Annabel’s heart somersaulted in her breast. She whipped around and almost slipped on the slick slabs. Katy rushed forward and caught her arm before she could fall.
“Katy,” Annabel said. “You gave me the fright of my life!”
“Not so much of a fright as you gave me when I got up for a glass of water to find your bed empty and no sign of you anywhere.”
“Well, I’m safe.”
“What are you doing out here? And barefoot, too – you’ll catch your death.”
“I couldn’t sleep. I was just looking at the sky. Day dreaming.”
“Well you can’t have been day dreaming in the middle of the night, Your Highness. If you want to dream, please come back to bed and get yourself warm.” The maid touched her hand to Annabel’s arm. “You’re chilled as a corpse,” she said. “Come on. Princess or not, it’s my duty to take care of you. Back to bed, Your Highness.”
Annabel smiled. Sometimes being bossed about by Katy was the most comforting thing she knew. She linked her arm through her maid’s and let the good lady lead her back to her bed chamber. As they approached the door, the guard, seated once more, leapt up and stood to attention. Katy looked daggers at him. “Fat lot of good you are!” she said, ushering Annabel inside and slamming the door in his face before he had time to protest.

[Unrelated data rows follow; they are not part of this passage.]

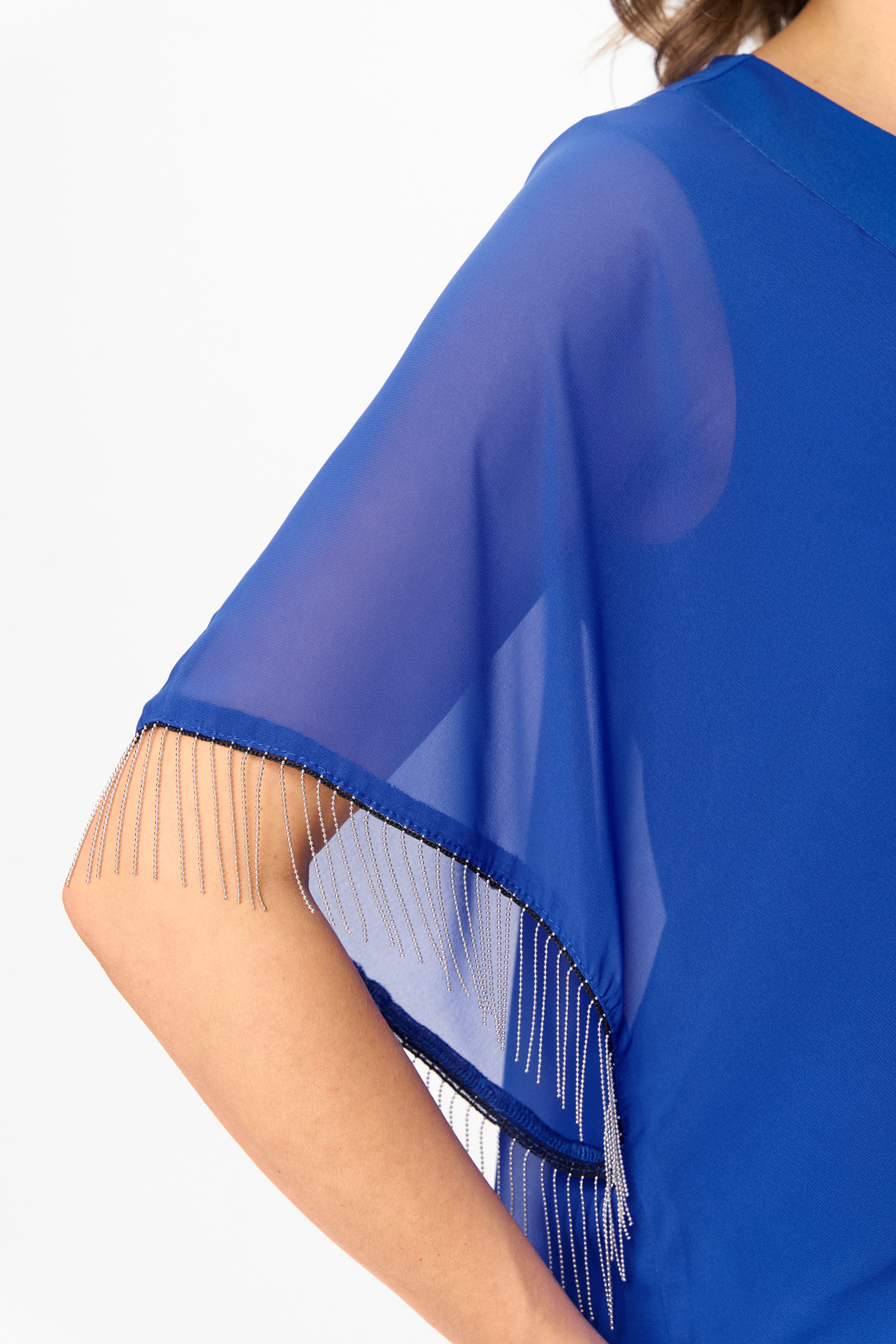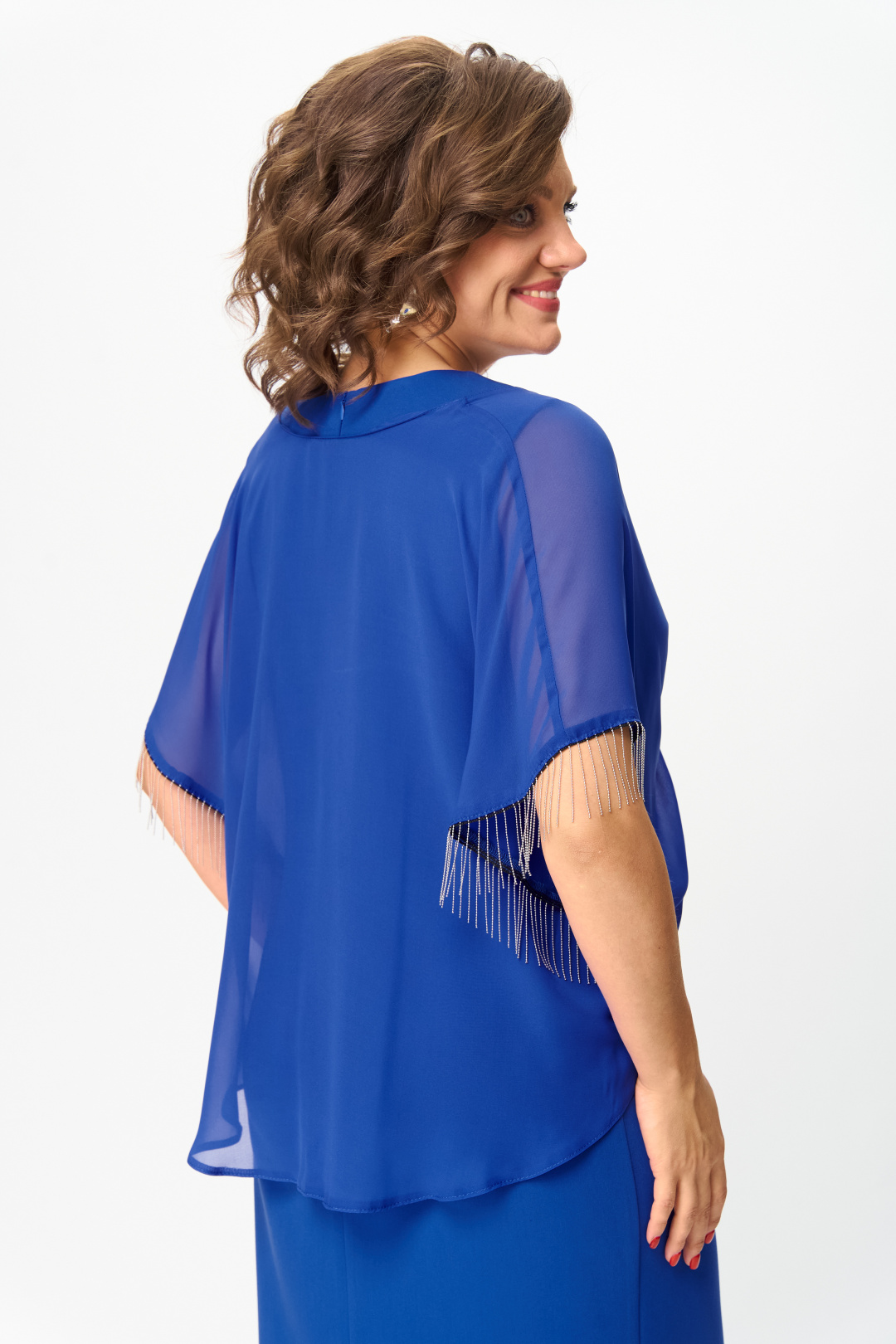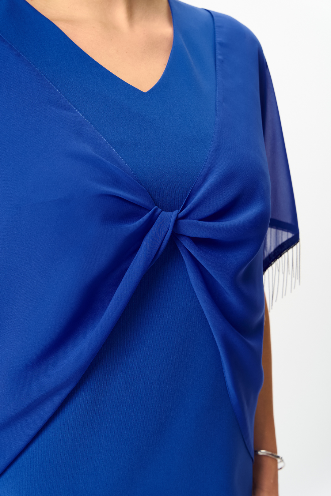 Верхняя часть платья сьемная, выполнена из шифона. Полочка с конструктивным элементом в виде узла и V-образной горловиной. Спинка цельная. Линия плеча удлененная, образующая цельнокроеный рукав, длиной до локтя. Пройма обработана декоративной тесьмой.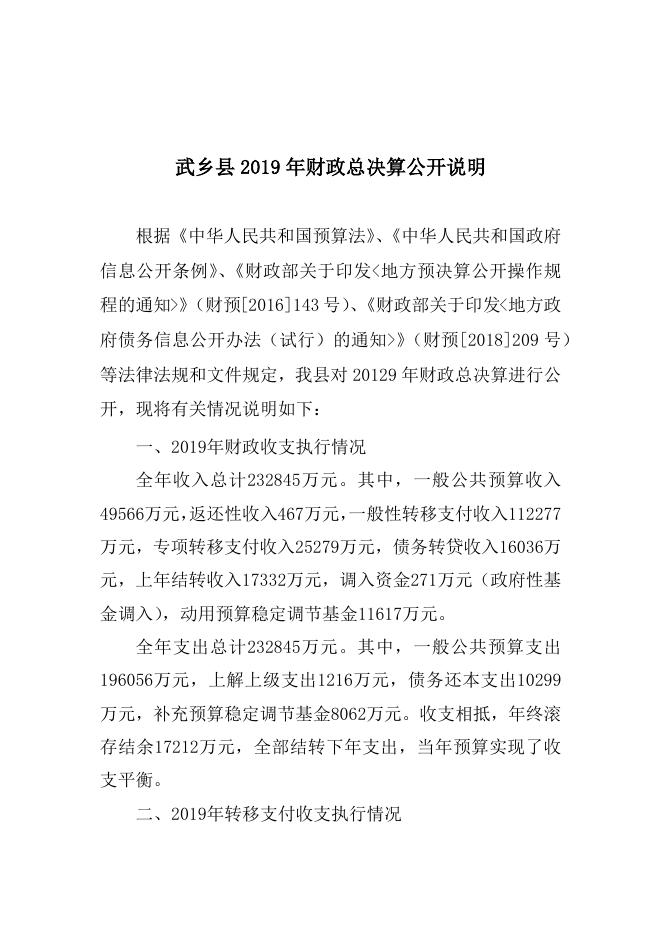 关于武乡县2019年财政决算和2020年1-7月份预算执行情况的报告.docx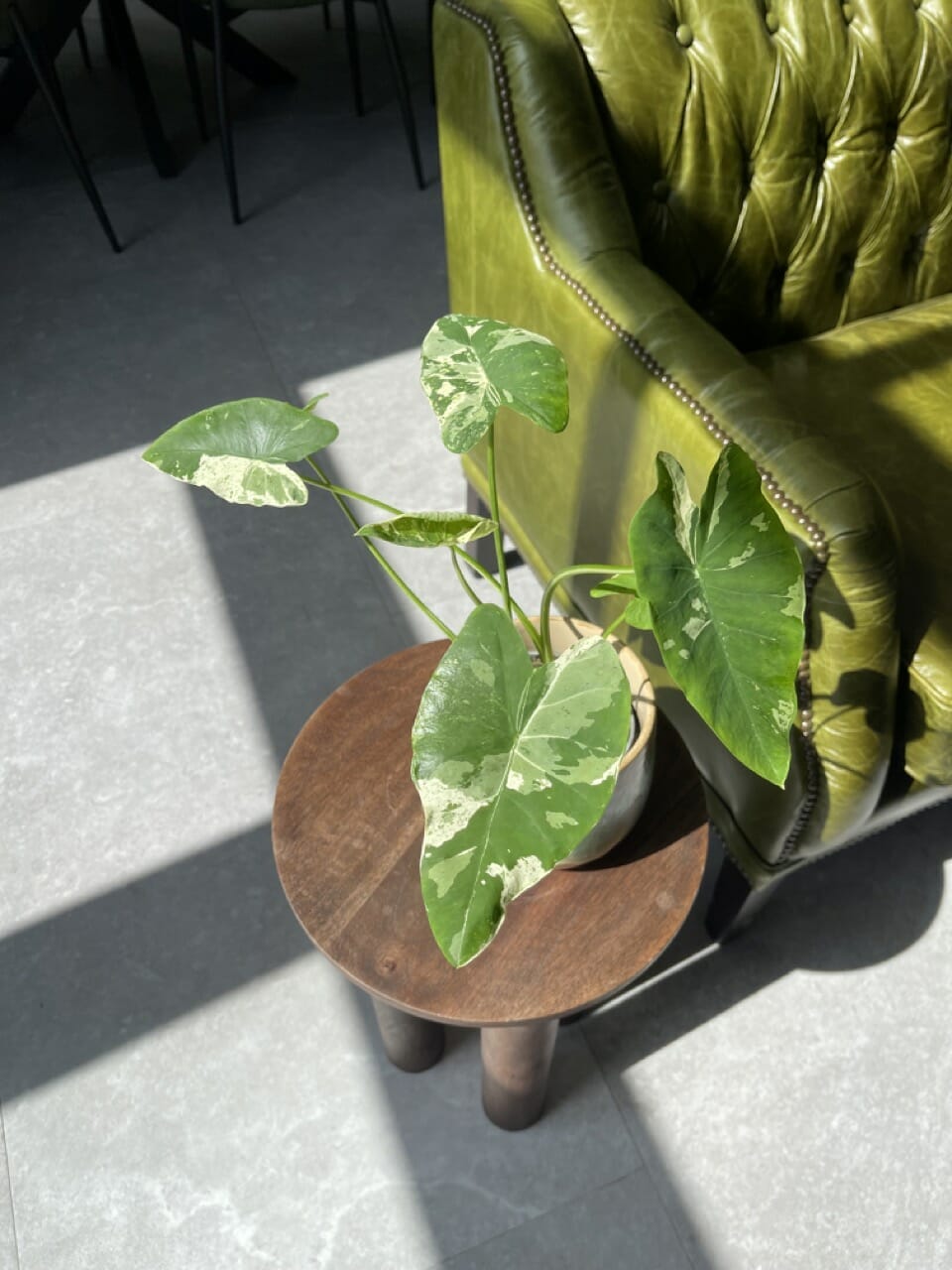 For at holde Alocasia Silver River Variegata glad skal du sørge for stærkt indirekte lys og opretholde et fugtigt miljø. Det er vigtigt at vande regelmæssigt og lade den øverste tomme af jorden tørre mellem vandingerne.
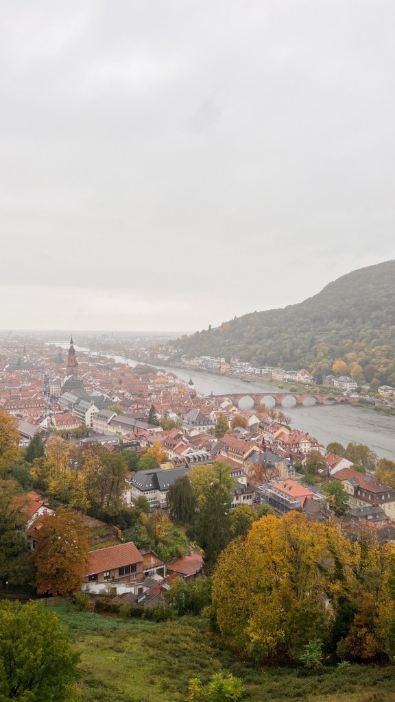 I recently took a trip to Germany and France. First stop on my trip was Heidelberg, a quaint city located along the Neckar River in the German state of Baden-Württemberg. One of its most famous attractions is Heidelberger Schloss (Heidelberg Castle) that sits on the lower slope of the Königstuhl (King’s Chair) hill in the Odenwald mountains. The weather was cold and rainy and perfect.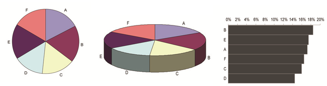 How important is the right visualization? Let's say your goal is to understand which of your company's six products has the most sales. You try breaking down sales via a pie chart. (left two images) As you can see, if the percentages are relatively close, it is very difficult to tell which product comes out on top. So you try putting the products side by side on a bar chart and ordering the bars from highest to lowest. (right image) Bingo! Now, even though the percentages are very similar, you can easily tell which is highest.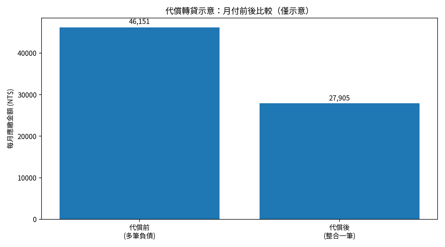 - 代償後:改成單一貸款、拉長年限 → 月付可能下降、現金流更穩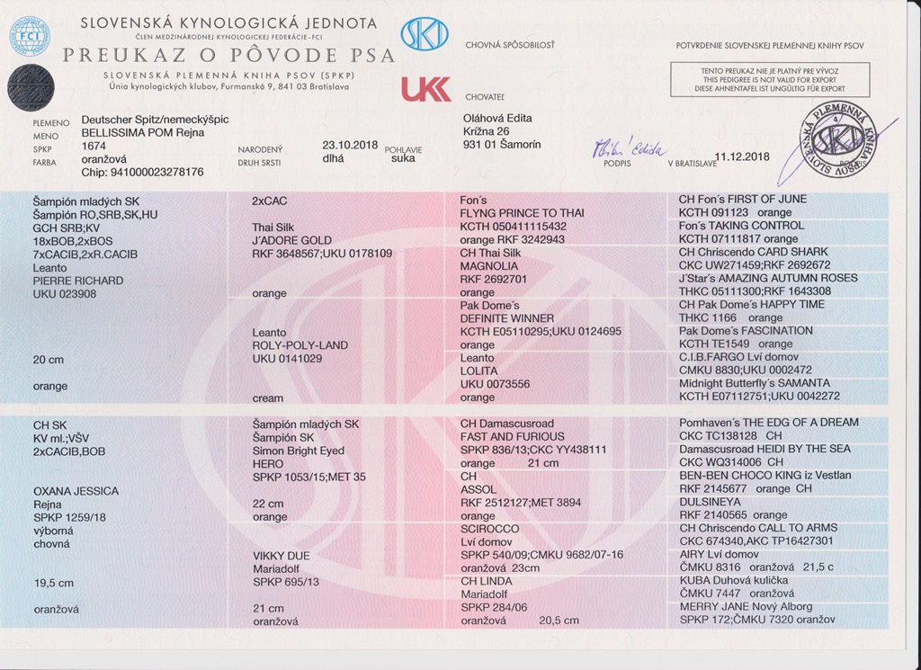 Preukaz pôvodu psa - 2. strana: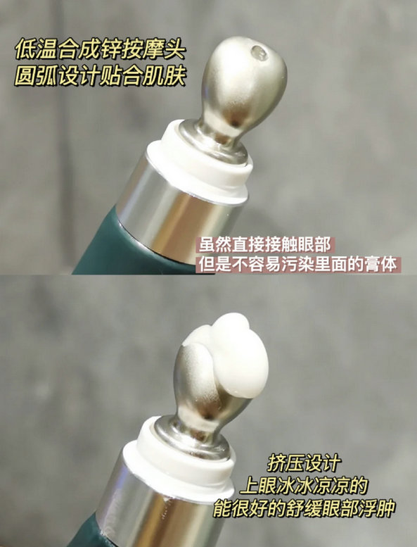 自带的按摩头用起来超方便,很贴合我们的眼部肌肤,比用手按摩还要好吸收呢,上眼冰冰凉凉的好舒服搭配着眼霜一起按按眼睛,一下变得好放松,按完能明显感觉到眼睛不在浮肿啦~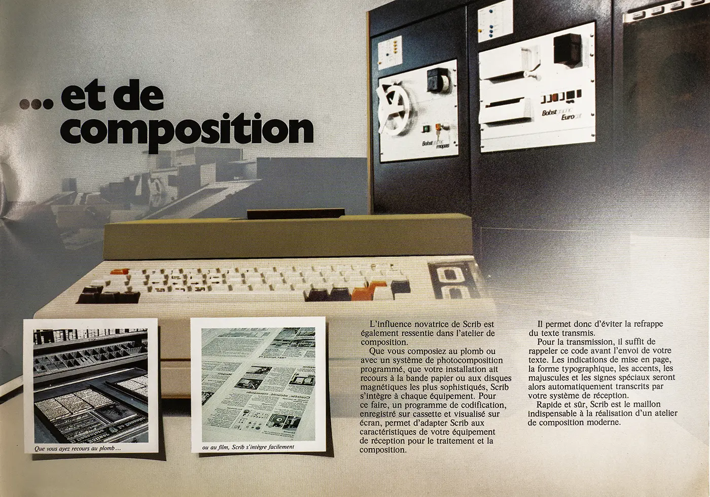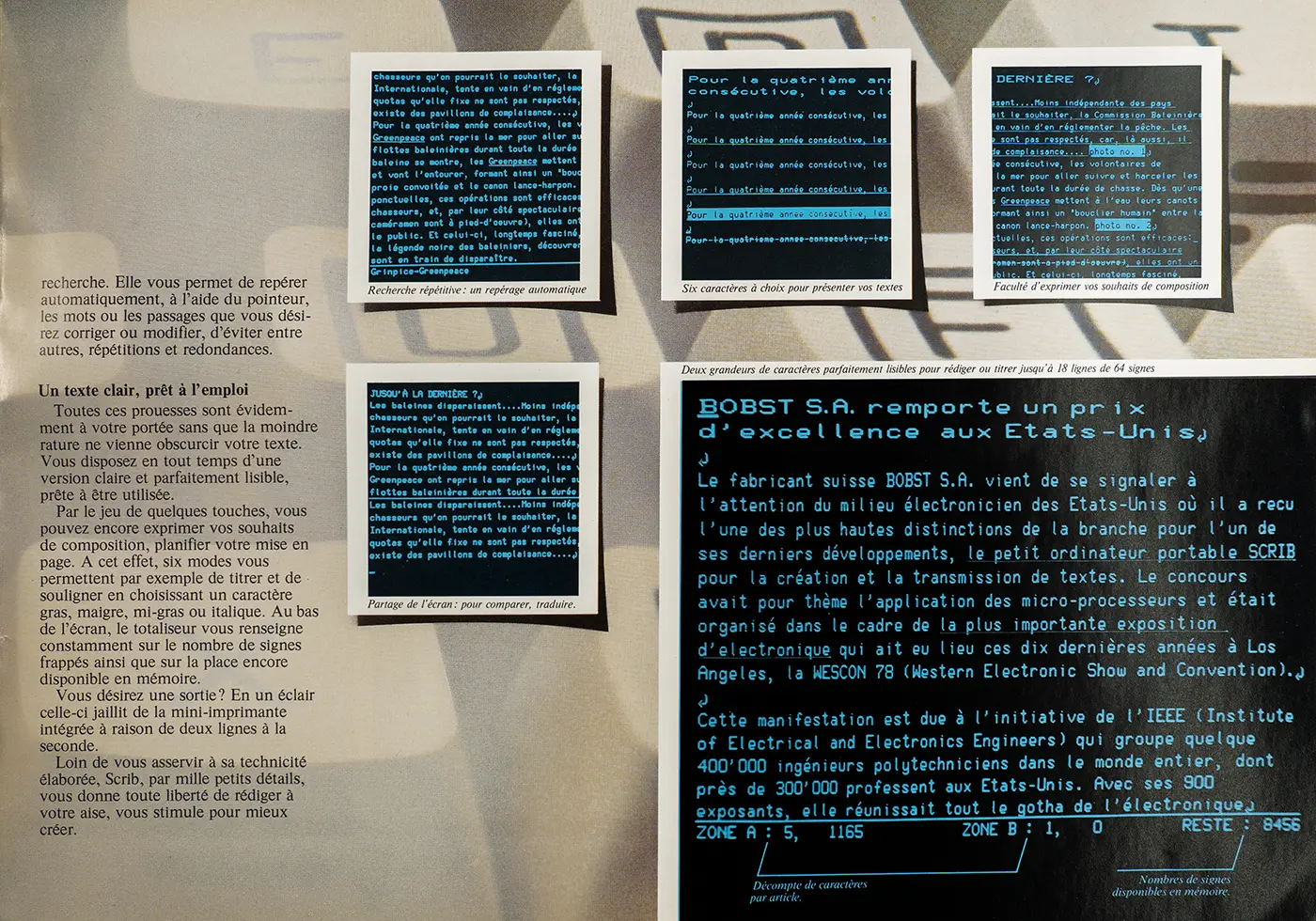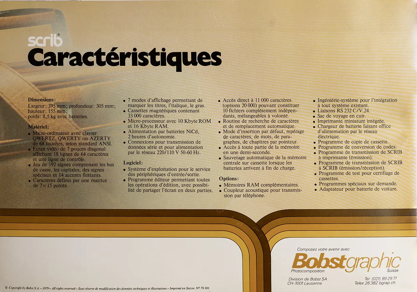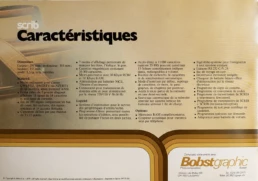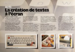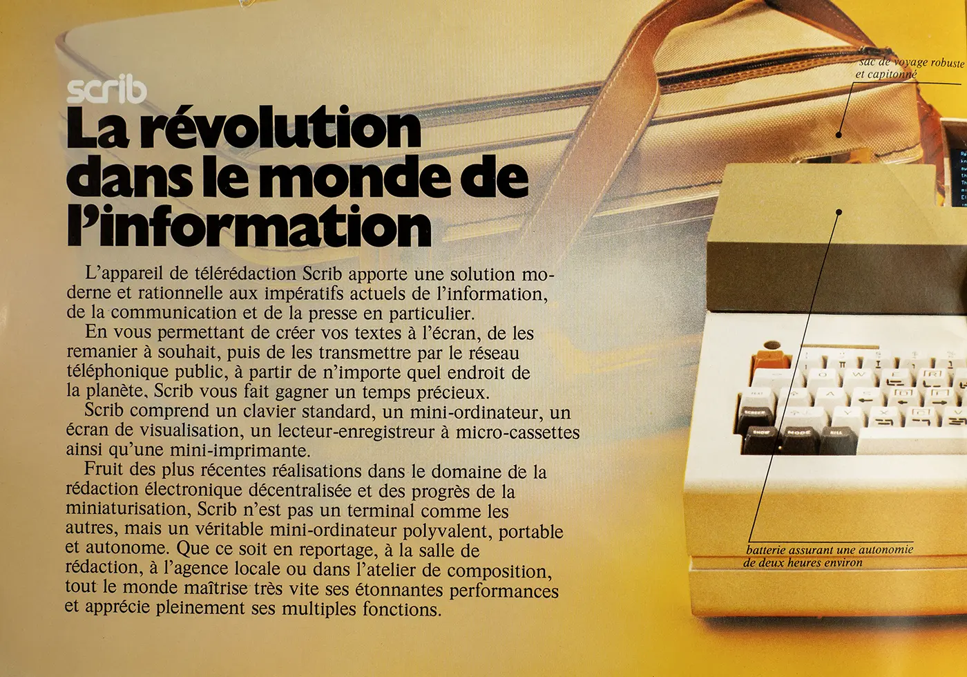 Fruit des plus récentes réalisations dans le domaine de la rédaction électronique décentralisée et des progrès de la miniaturisation, Scrib n’est pas un terminal comme les autres, mais un véritable mini-ordinateur polyvalent, portable et autonome. Que ce soit en reportage, à la salle de rédaction, à l’agence locale ou dans l’atelier de composition, tout le monde maîtrise très vite ses étonnantes performances et apprécie pleinement ses multiples fonctions.

Ten minutes later and Annabel was in bed again, a cup of hot cocoa steaming on the table beside her and a foot warmer tucked under the sheets.
“Good night, Your Highness,” said Katy, yawning. “Sleep well.” Then she curtsied and returned to the adjacent chamber.
But Annabel did not have a good night. She lay awake until almost dawn, tossing and turning, her mind tumbling over troubled thoughts. When at last she drifted off to sleep, the distant birds in the far away forest were beginning their morning chorus. Annabel’s eyelids fluttered and closed. She laid still at last, the cocoa cold and untouched beside her.